Among the consolidated domestic subsidiaries, Kia and Hyundai HYSCO have been listed on the Korea Stock Exchange,
and Bontek is under composition with creditors according to the Composition Act.
In 2002, the Company added two domestic companies including Daimler Hyundai Truck Co., Ltd. and ten overseas
companies including Hyundai Motor Europe GmbH (HME) to its consolidated subsidiaries. The details of these changes in
the scope of consolidation are as follows:
(1) DongFeng Yueda Kia Motor Co., Ltd. (formerly Hyundai-Kia-Yueda Motor Company) and Daimler Hyundai Truck Co.,
Ltd. whose equity securities had been accounted for using the equity method in 2001 are included in the consolidation
mainly due to the holding and acquisition of ownership enabling the Company and its subsidiaries to exercise
substantial control.
(2) Hyundai Motor Europe GmbH (HME) and Autoever, which had not been included in the consolidation nor accounted for
using the equity method in 2001, are included in 2002 consolidation since its individual total assets at the end of the
preceding year exceeded the required level of 7,000 million ($5,831 thousand).
(3) Hyundai Motor Manufacturing Alabama, LLC (HMMA), Kia Motors Europe GmbH (KME), Kia Motors Belgium (KMB), Kia
Motors Czech s.r.o. (KMCZ), Kia Motors (UK) Ltd. (KMUK), Kia Motors Austria GmbH (KMAS), Kia Motors Hungary Kft
(KMH) and Hyundai Auto Canada Captive Insurance Incorporation (HACCII) are included in the consolidation due to the
new acquisition of ownership enabling the Company and its subsidiaries to exercise substantial control.
HYUNDAI MOTOR COMPANY AND SUBSIDIARIES: Financial Statements 2002
The inclusion of the individual accounts of the subsidiaries mentioned above in the Company’s 2002 consolidated financial
statements increased the Company’s consolidated assets, shareholders’ equity and revenues by 698,043 million
($581,509 thousand), 29,926 million ($24,930 thousand) and 1,094,755 million ($911,992 thousand), respectively and
decreased consolidated net income by 22,069 million ($18,385 thousand) [I2] as compared to the results using the
previous scope of consolidation.
In 2002, Korea Precision Co., Ltd, which was an indirect consolidated subsidiary through investment of WIA, one of the
Company’s domestic subsidiaries, was merged into Hyundai Dymos (formerly Korea Drive Train System), another
subsidiary.

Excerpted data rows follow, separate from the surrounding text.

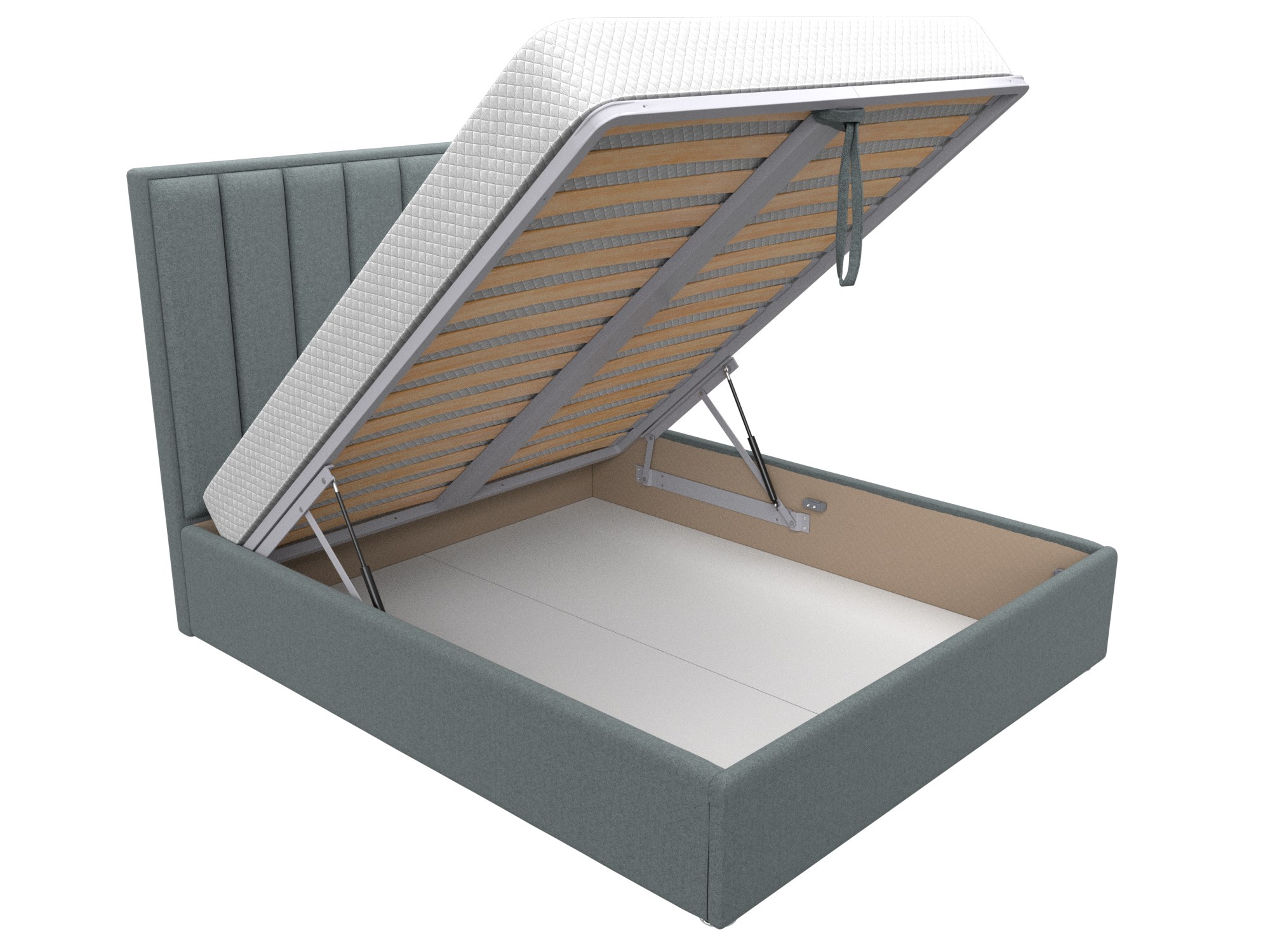Подъемный механизм: газлифт. Используется для поднятия каркаса с матрасом и открытия бельевого ящика. Изделие простое в использовании, прочное и практичное.
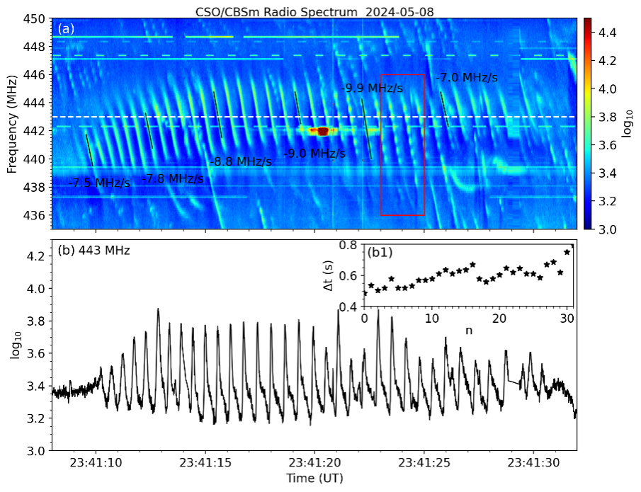 图2. 2024年5月8日一例整体呈波浪状的窄带条纹链,链中条纹在初、末段连续,中间段呈串珠状。(b)链结构在443 MHz((a)中白色虚线)上辐射强度随时间的变化,插图(b1)表示强度曲线相邻波峰对应时刻的时间差。
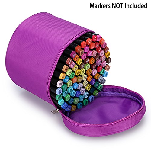 BTSKY Multifunction Marker Case -- Zippered Canvas Marker holder Copic Marker Organizer Pen Bag Pencil Case Stationary Storage for 80 Markers, Purple
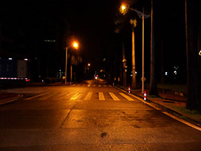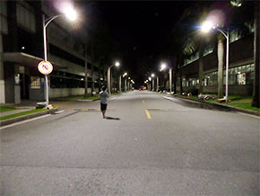 80W LED路灯代替原有250W高压钠灯,共计24盏,杆高6米,杆距20米,路面平均照度比原来用高压钠灯照度高出16 lx。

In accordance with financial accounting standards for consolidated financial statements in the Republic of
Korea, which state that when consolidated companies are merged together during a fiscal year, consolidated financial
statements would reflect this transaction as if the controlling company acquired additional interest rather than a merger
took place, the net income for Korea Precision Co., Ltd. as of the merger date, amounting to 4,864 million ($4,052
thousand), is reflected in the consolidated income statement.
In 2001, the Company added seven domestic companies including ROTEM (formerly Korea Rolling Stock Co.) and four
overseas companies including Hyundai-Assan Otomotiv Sanayi Ve Ticaret Anonim Sirketi to its consolidated subsidiaries.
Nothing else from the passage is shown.